Бусина

1

 

Настя давно подозревала, что Валентина Игоревна, опытная и уважаемая преподавательница философии, относится к студентам предвзято, и за последний месяц полностью укрепилась в этом мнении.

С приходом октября атмосфера на парах регулярно накалялась до предела. Валентина Игоревна словно превратилась в злого гения и считала своим долгом уделить минуту негодования каждому, кто имел несчастье чем-то привлечь ее взгляд. Особенно доставалось студентам с задних рядов аудитории, причем выпады преподавательницы били в цель либо на удивление точно, либо как ни попадя.

– Трое с галерки и двое с пятого ряда, вон! В телефоне можно играть и в коридоре. Жук, Сенин, Мурашко, тоже на выход, вы мешаете проводить лекцию.
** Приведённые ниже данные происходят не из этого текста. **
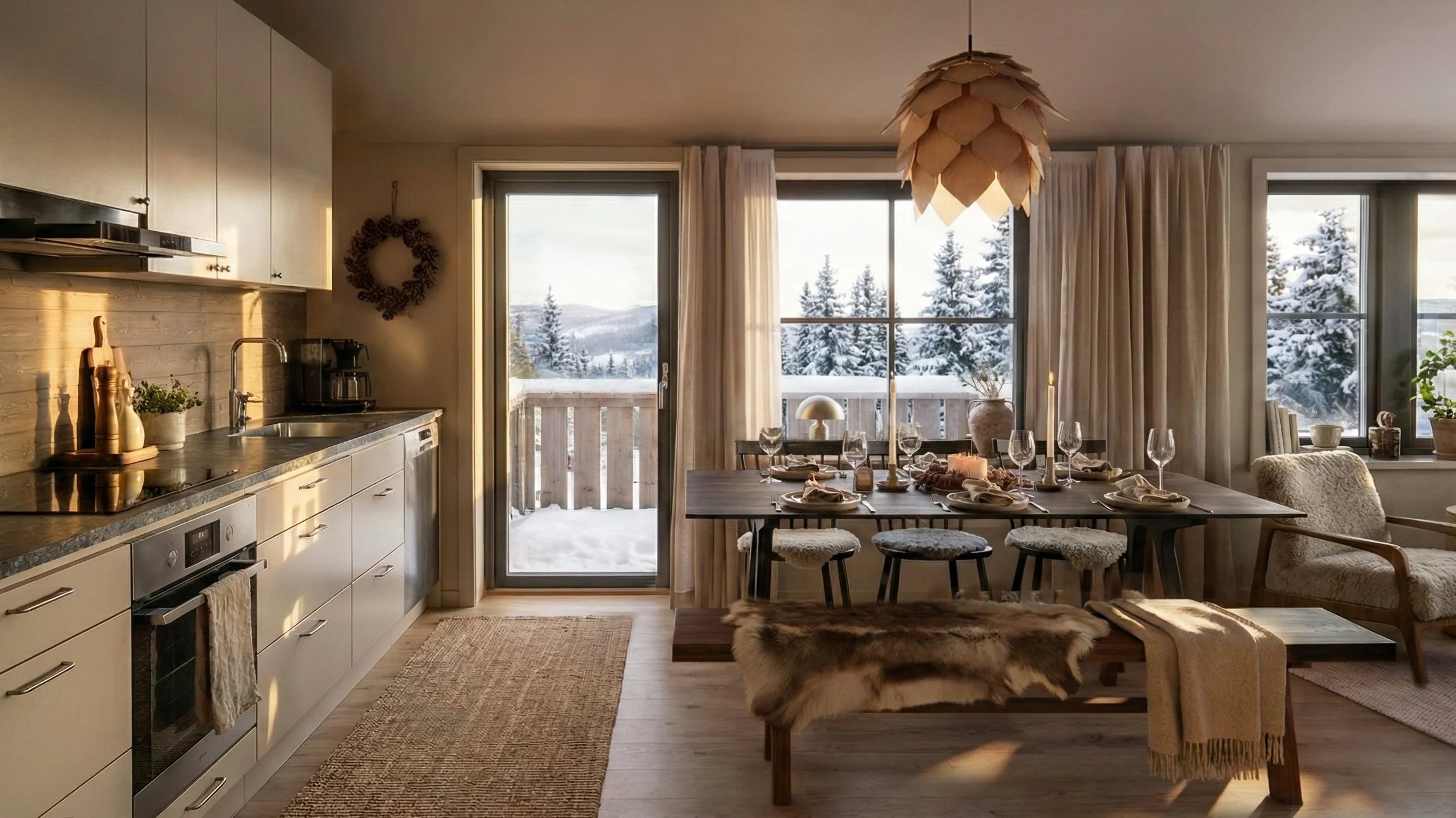 Vildhem Branäs är ett genomtänkt boende där arkitektur, material och planlösningar samspelar med livet på berget. Bostäderna är utformade med fokus på ljus, funktion och gemenskap, med planlösningar anpassade för skidlivet – från avkoppling efter långa dagar i backen till sociala måltider och tid tillsammans.

Обычно Настя (тихоня, отличница, ужасная трусиха и постоянная обитательница стола аккурат напротив кафедры) втягивала голову в плечи и старалась слиться с пейзажем, потому что схема, по которой Валентина Игоревна выбирала, кого сегодня выгнать, логике не поддавалась. Пятеро раздолбаев – еще куда ни шло. Они на контракте, отсиживают часы учебы как каторгу, порой увлекаются и срывают занятия. Не со зла – скорее, от безнаказанности. А остальные чем прогневили преподавательницу?

Оля Жук – спортсменка, активистка, заместитель старосты, никогда не нарушает порядок. Гена Сенин – сын декана. Звезд с неба не хватает, но и родителей краснеть не заставляет. Люся Мурашко – новенькая. Очень спокойная девушка, поет в хоре, придерживается здорового образа жизни, вероятнее всего получит диплом с отличием.

Настя понимала, что в один прекрасный день тоже окажется в опальном списке. Там уже две трети группы побывало, и неумолимая статистика намекала, что остальных как раз хватит до конца семестра. Реальными проблемами недовольство Валентины Игоревны не грозит, от пропуска одной-двух лекций еще никто не умер, но Настю бросало в дрожь от самой мысли о том, что она будет болтаться без дела во время занятий, случайно встретит кого-нибудь знакомого и на вопрос: «Ты почему не на паре?» ответит: «Выгнали».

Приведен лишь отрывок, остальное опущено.